Find the line with "Слайд 17 ИЗВЕСТНЫЕ В ИСТОРИИ ЕЛИЗАВЕТЫ" in the entries below, then output every line from it down to the line with "Cenazesi bugün Üsküdar", exactly and with no pictures.

GIVEN DATA:
----------------------------------------
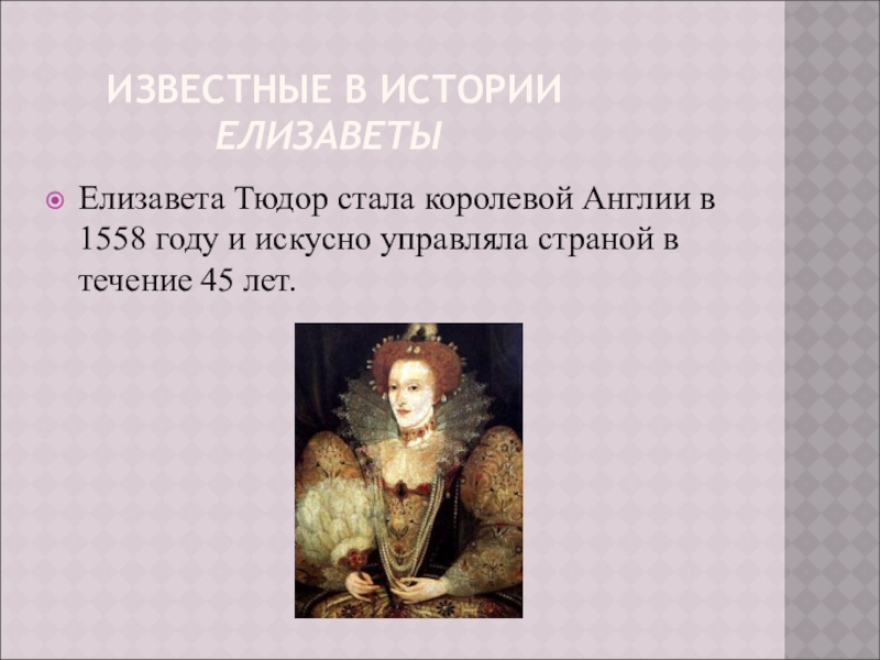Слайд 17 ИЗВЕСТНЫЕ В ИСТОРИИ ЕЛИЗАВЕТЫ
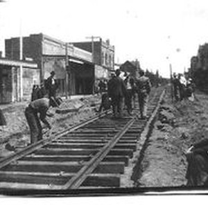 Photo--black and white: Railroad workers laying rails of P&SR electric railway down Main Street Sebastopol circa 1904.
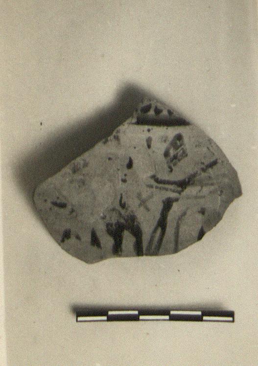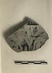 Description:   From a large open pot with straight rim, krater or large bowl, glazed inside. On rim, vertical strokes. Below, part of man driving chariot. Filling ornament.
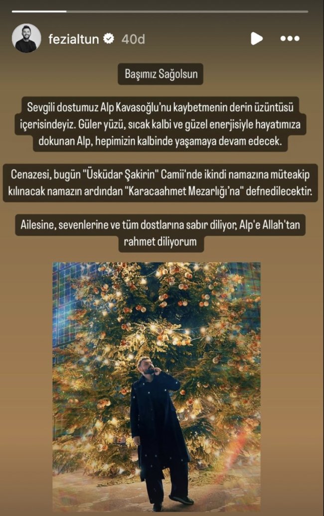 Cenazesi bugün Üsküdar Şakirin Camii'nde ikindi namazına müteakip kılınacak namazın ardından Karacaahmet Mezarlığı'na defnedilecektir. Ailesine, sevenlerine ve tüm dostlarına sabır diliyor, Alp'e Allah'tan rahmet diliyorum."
----------------------------------------
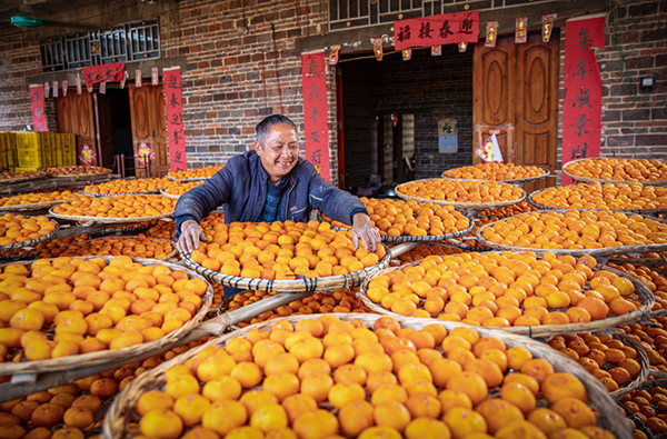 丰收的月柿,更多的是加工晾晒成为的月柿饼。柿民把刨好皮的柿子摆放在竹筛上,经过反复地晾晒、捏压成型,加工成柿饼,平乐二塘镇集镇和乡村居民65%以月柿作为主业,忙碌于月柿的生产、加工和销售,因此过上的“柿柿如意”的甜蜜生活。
----------------------------------------
TASK RESULT:
Слайд 17 ИЗВЕСТНЫЕ В ИСТОРИИ ЕЛИЗАВЕТЫ
 Photo--black and white: Railroad workers laying rails of P&SR electric railway down Main Street Sebastopol circa 1904.
 Description:   From a large open pot with straight rim, krater or large bowl, glazed inside. On rim, vertical strokes. Below, part of man driving chariot. Filling ornament.
 Cenazesi bugün Üsküdar Şakirin Camii'nde ikindi namazına müteakip kılınacak namazın ardından Karacaahmet Mezarlığı'na defnedilecektir. Ailesine, sevenlerine ve tüm dostlarına sabır diliyor, Alp'e Allah'tan rahmet diliyorum."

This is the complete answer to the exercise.